Work request.
Exactly and only the lines below from the one containing "Sada plastových spon" down to the one containing "The backyard is" are wanted, both included; please exclude every picture.

(Task inputs begins)

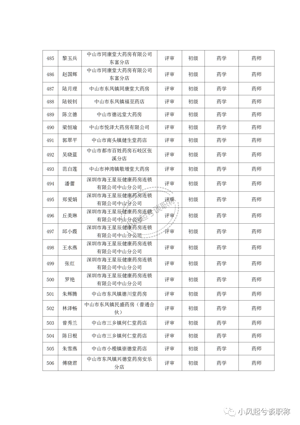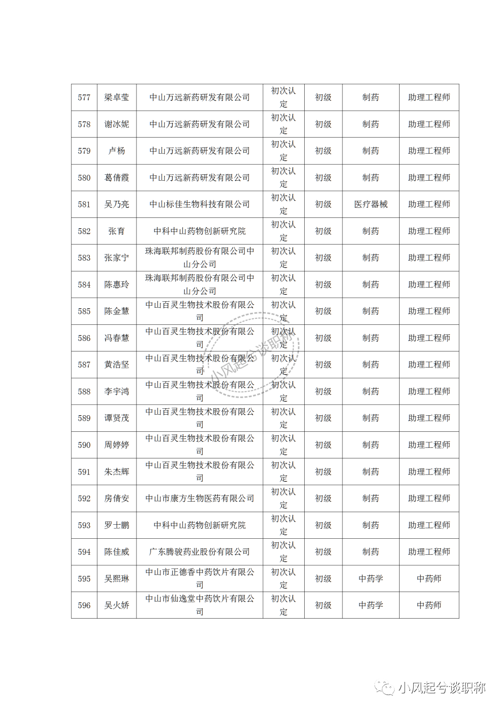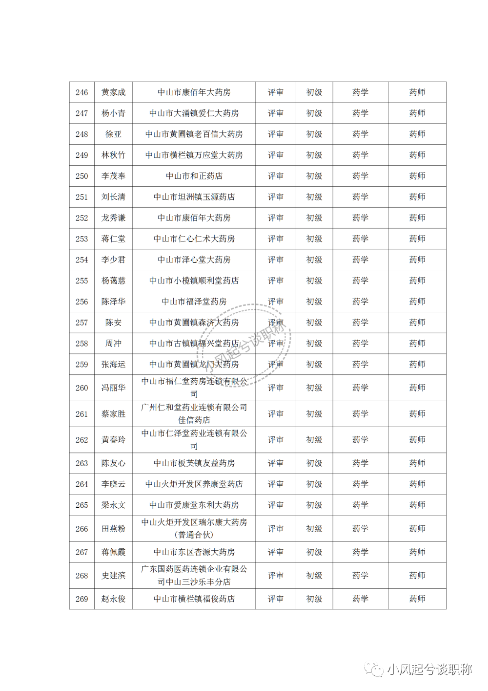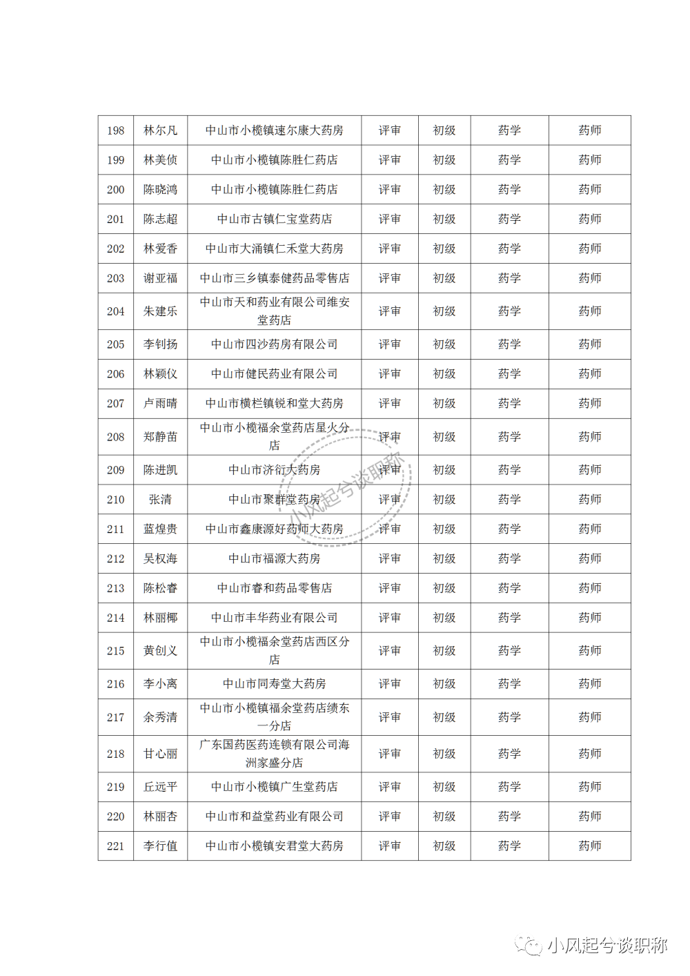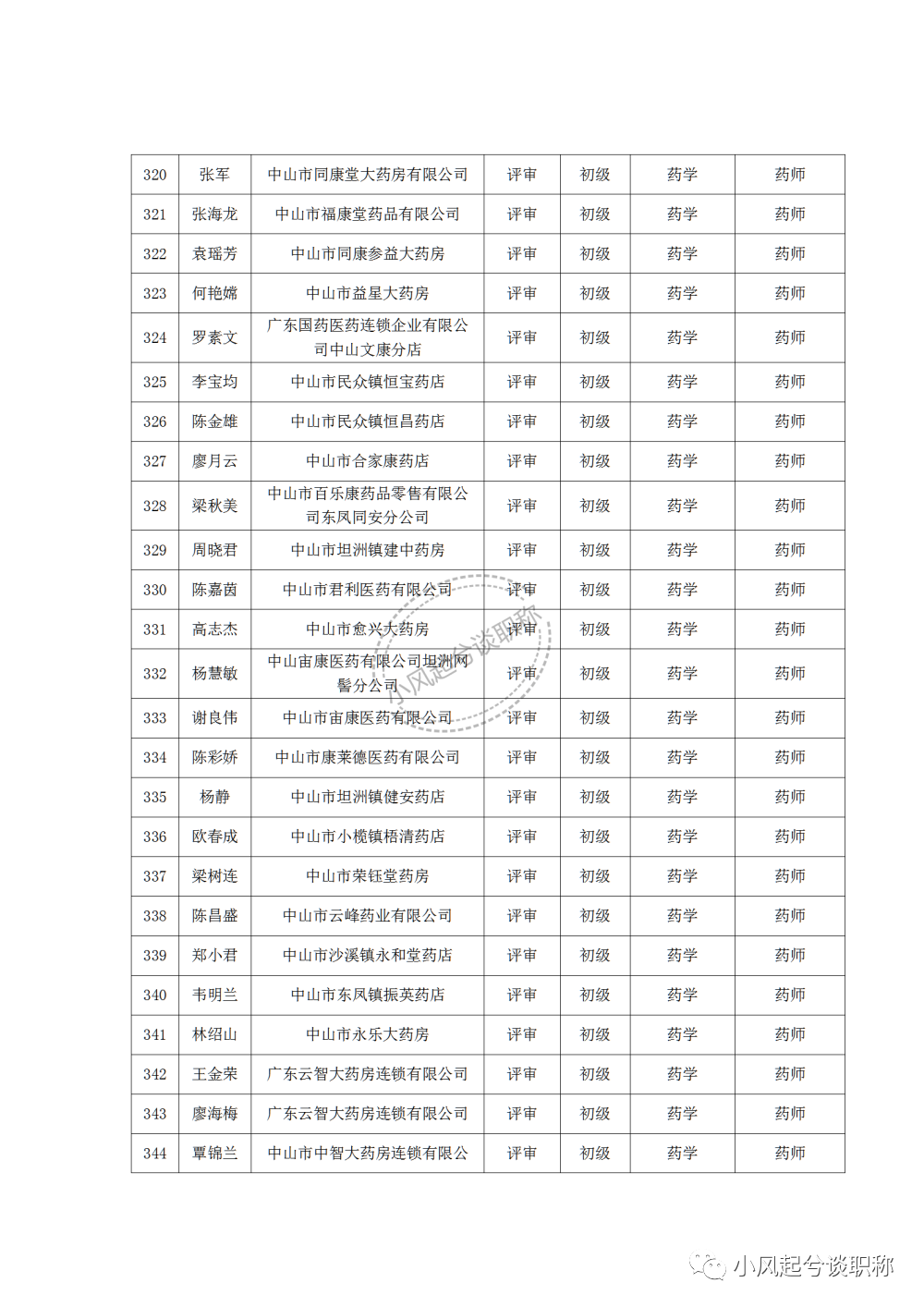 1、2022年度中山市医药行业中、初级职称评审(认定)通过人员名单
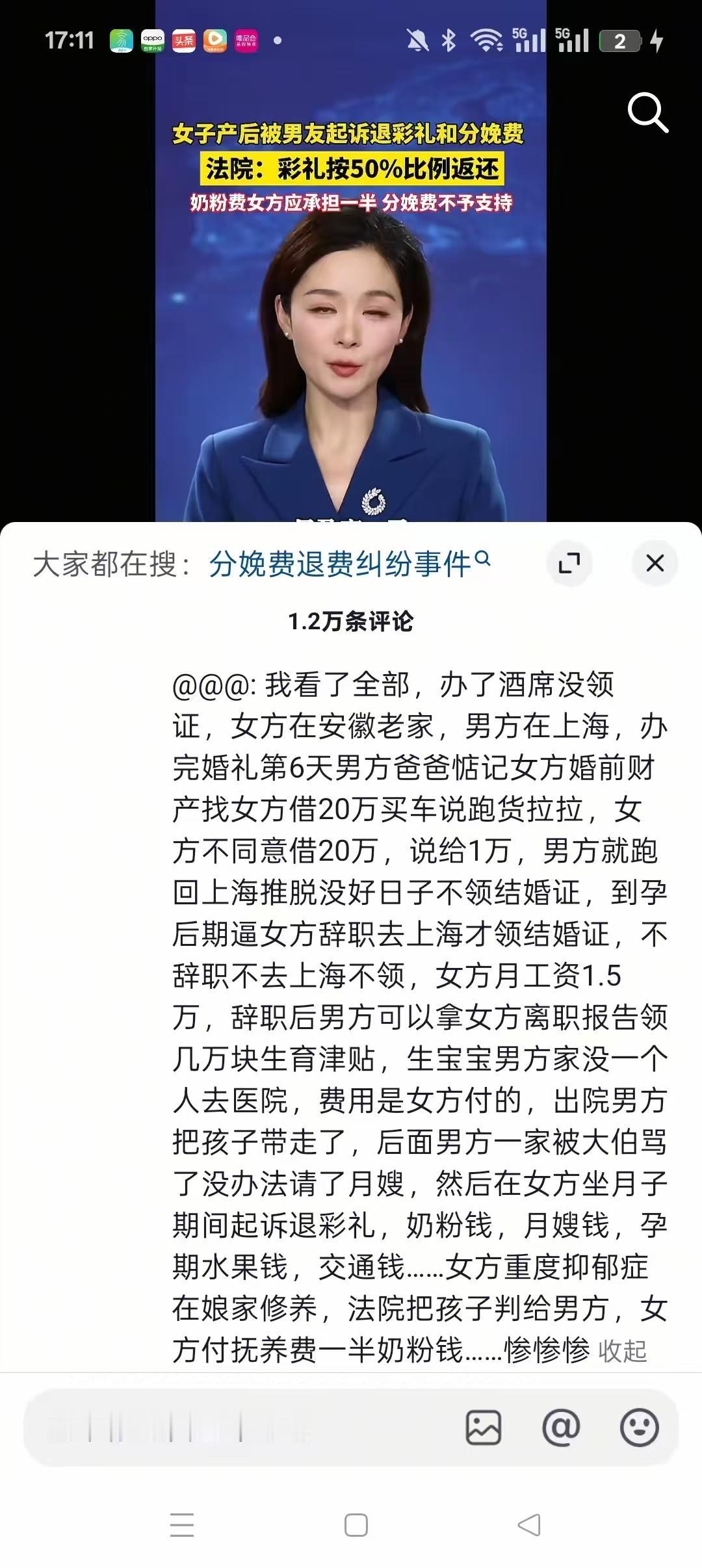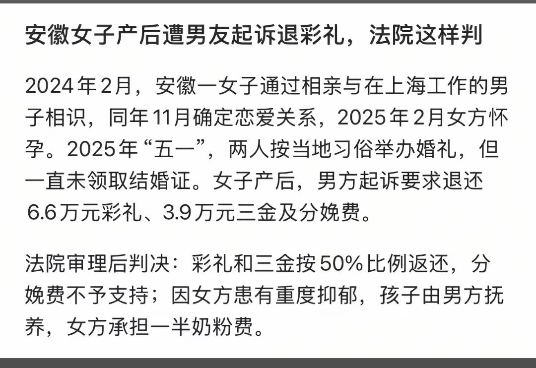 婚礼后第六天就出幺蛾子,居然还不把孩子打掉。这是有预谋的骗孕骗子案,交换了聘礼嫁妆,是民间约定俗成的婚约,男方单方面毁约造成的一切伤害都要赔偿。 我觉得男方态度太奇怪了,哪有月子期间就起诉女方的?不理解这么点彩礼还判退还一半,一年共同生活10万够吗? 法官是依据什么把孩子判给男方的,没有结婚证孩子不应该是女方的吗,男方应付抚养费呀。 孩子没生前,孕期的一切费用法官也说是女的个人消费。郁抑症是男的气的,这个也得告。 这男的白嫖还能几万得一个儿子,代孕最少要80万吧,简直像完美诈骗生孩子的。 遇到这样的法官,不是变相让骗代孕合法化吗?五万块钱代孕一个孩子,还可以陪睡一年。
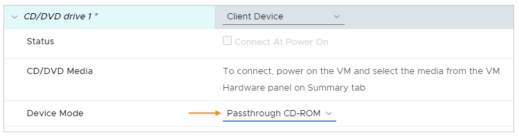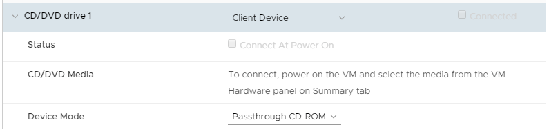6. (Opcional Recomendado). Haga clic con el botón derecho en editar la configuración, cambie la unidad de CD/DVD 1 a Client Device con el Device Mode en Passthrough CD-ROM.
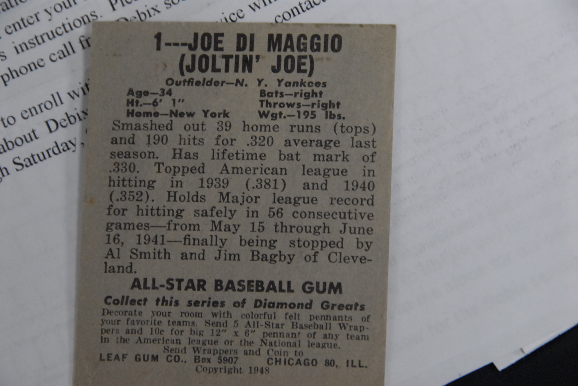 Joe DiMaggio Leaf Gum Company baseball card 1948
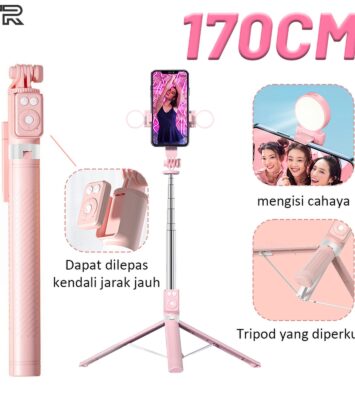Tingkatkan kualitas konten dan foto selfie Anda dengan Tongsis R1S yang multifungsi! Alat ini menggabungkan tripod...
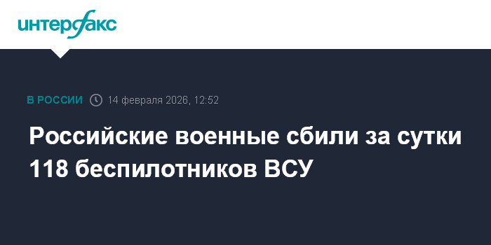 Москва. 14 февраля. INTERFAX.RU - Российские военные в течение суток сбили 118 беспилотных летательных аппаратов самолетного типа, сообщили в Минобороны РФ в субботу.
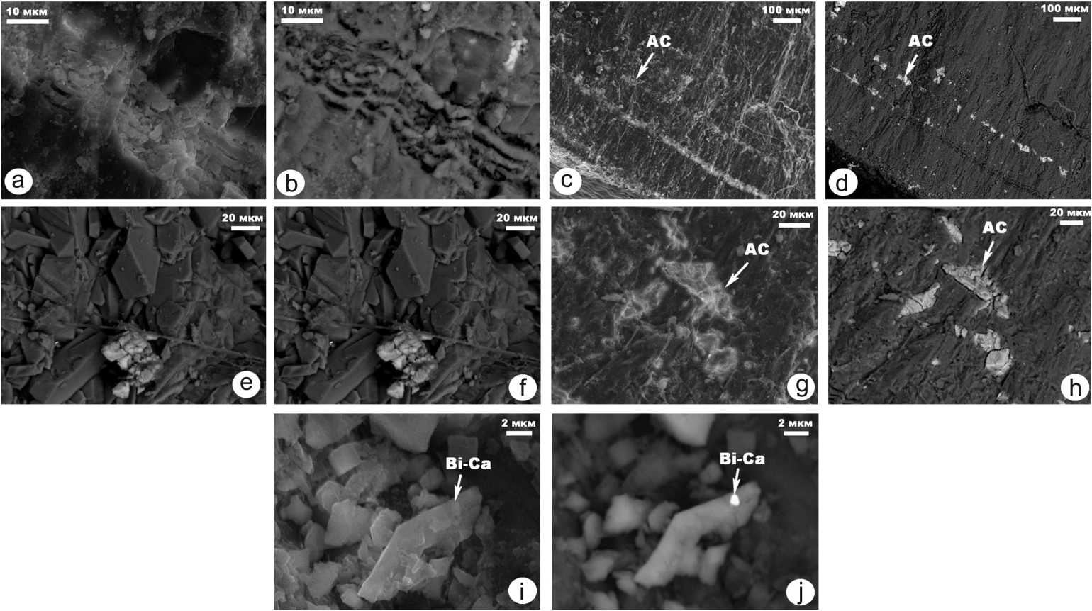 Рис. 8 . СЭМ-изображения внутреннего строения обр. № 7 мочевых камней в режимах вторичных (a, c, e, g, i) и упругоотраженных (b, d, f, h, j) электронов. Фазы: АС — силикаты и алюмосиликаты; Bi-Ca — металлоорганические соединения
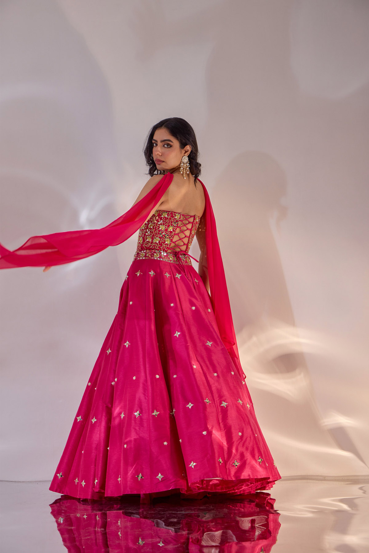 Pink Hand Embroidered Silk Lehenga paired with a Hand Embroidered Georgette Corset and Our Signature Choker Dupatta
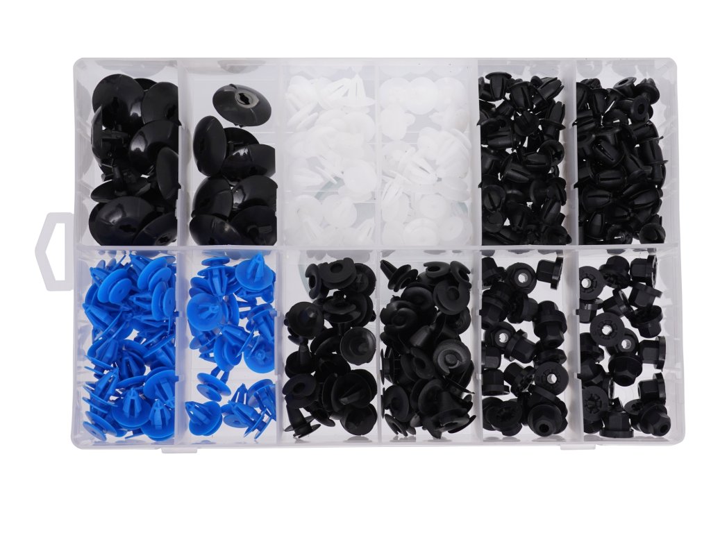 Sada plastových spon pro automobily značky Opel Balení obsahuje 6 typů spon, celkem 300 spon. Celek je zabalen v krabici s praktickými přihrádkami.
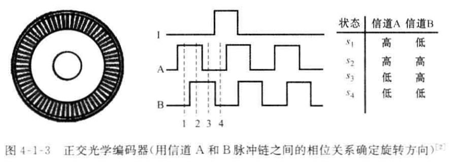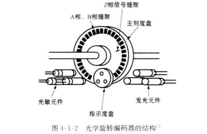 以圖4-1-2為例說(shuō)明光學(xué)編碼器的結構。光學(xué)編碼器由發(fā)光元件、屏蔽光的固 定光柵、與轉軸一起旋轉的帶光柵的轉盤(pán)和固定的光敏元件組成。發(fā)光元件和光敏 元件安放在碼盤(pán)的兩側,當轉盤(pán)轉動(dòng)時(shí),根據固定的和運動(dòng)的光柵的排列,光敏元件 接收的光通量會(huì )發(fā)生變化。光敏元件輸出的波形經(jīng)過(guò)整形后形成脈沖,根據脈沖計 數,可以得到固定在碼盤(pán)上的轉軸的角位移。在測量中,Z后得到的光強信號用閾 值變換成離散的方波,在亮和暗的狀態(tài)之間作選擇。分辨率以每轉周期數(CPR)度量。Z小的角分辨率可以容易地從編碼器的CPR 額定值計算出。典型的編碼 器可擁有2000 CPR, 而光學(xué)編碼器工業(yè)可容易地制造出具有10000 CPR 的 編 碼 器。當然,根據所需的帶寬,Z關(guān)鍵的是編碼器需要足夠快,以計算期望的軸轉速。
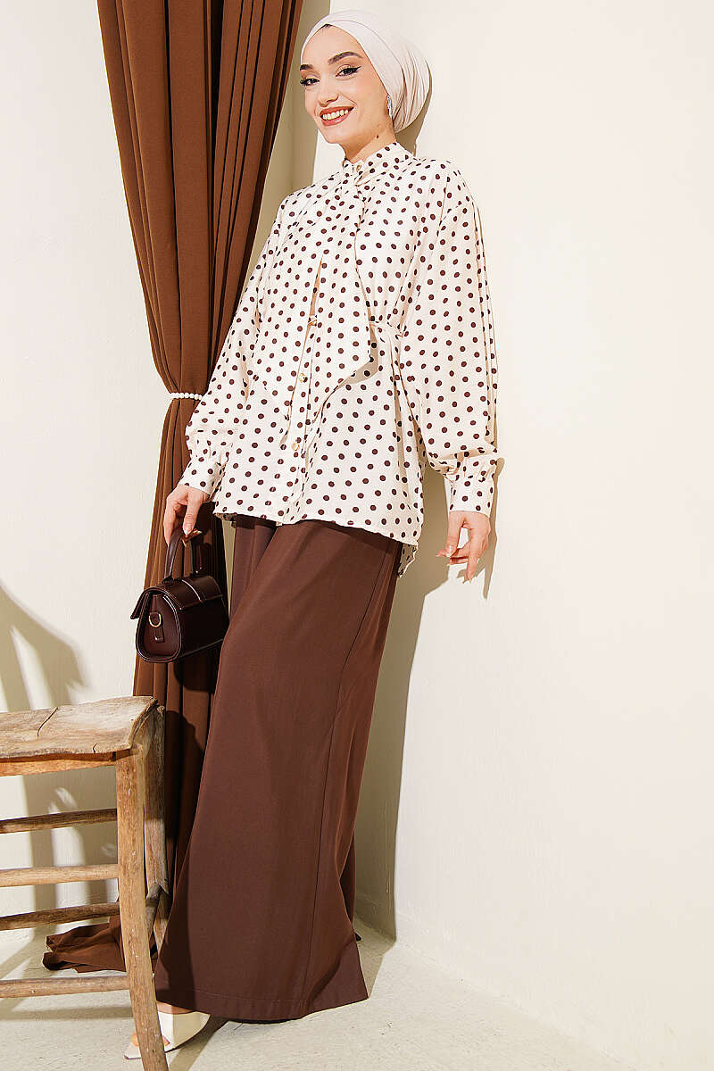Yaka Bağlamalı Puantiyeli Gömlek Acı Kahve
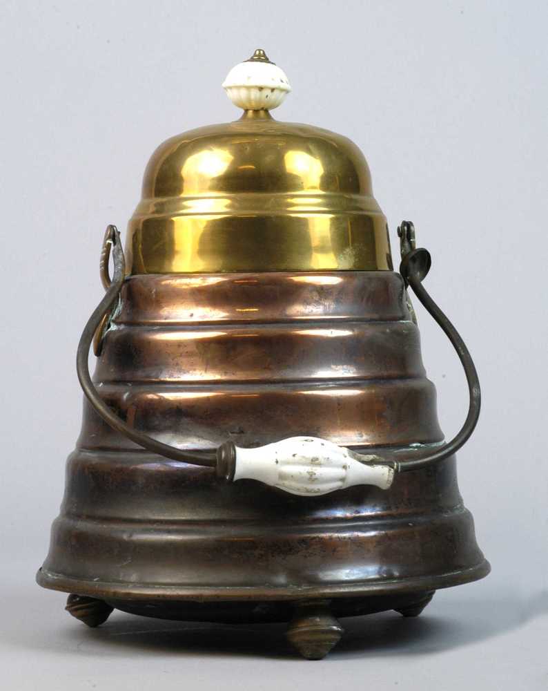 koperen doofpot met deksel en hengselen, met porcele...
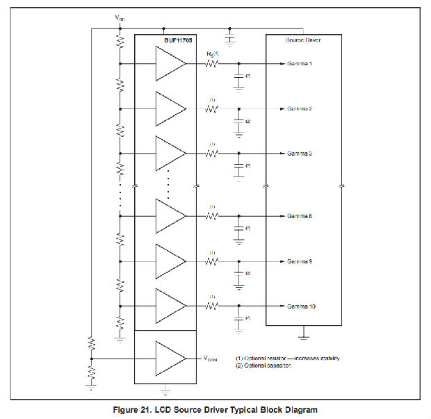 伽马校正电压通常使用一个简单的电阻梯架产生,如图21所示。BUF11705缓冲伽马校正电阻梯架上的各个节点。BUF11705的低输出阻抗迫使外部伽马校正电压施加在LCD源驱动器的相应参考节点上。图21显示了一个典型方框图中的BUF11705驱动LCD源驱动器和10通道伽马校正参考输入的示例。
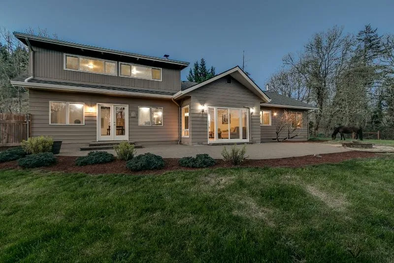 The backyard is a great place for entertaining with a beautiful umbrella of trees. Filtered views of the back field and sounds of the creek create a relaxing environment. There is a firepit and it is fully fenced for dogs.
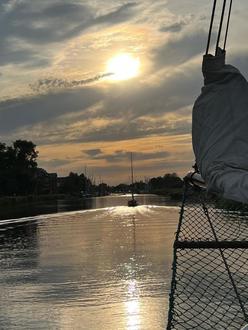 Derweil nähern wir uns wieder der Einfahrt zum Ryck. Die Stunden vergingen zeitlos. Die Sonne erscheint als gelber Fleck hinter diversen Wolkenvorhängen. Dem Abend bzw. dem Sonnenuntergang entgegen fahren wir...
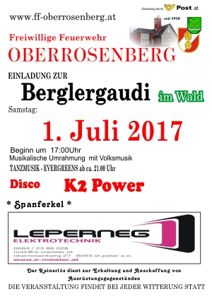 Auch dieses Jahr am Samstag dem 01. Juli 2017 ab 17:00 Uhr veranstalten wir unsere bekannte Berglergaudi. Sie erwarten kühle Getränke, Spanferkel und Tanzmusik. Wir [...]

(Task inputs ends)

Solution for this task.
 Sada plastových spon pro automobily značky Opel Balení obsahuje 6 typů spon, celkem 300 spon. Celek je zabalen v krabici s praktickými přihrádkami.
 以圖4-1-2為例說(shuō)明光學(xué)編碼器的結構。光學(xué)編碼器由發(fā)光元件、屏蔽光的固 定光柵、與轉軸一起旋轉的帶光柵的轉盤(pán)和固定的光敏元件組成。發(fā)光元件和光敏 元件安放在碼盤(pán)的兩側,當轉盤(pán)轉動(dòng)時(shí),根據固定的和運動(dòng)的光柵的排列,光敏元件 接收的光通量會(huì )發(fā)生變化。光敏元件輸出的波形經(jīng)過(guò)整形后形成脈沖,根據脈沖計 數,可以得到固定在碼盤(pán)上的轉軸的角位移。在測量中,Z后得到的光強信號用閾 值變換成離散的方波,在亮和暗的狀態(tài)之間作選擇。分辨率以每轉周期數(CPR)度量。Z小的角分辨率可以容易地從編碼器的CPR 額定值計算出。典型的編碼 器可擁有2000 CPR, 而光學(xué)編碼器工業(yè)可容易地制造出具有10000 CPR 的 編 碼 器。當然,根據所需的帶寬,Z關(guān)鍵的是編碼器需要足夠快,以計算期望的軸轉速。
Yaka Bağlamalı Puantiyeli Gömlek Acı Kahve
 koperen doofpot met deksel en hengselen, met porcele...
 伽马校正电压通常使用一个简单的电阻梯架产生,如图21所示。BUF11705缓冲伽马校正电阻梯架上的各个节点。BUF11705的低输出阻抗迫使外部伽马校正电压施加在LCD源驱动器的相应参考节点上。图21显示了一个典型方框图中的BUF11705驱动LCD源驱动器和10通道伽马校正参考输入的示例。
 The backyard is a great place for entertaining with a beautiful umbrella of trees. Filtered views of the back field and sounds of the creek create a relaxing environment. There is a firepit and it is fully fenced for dogs.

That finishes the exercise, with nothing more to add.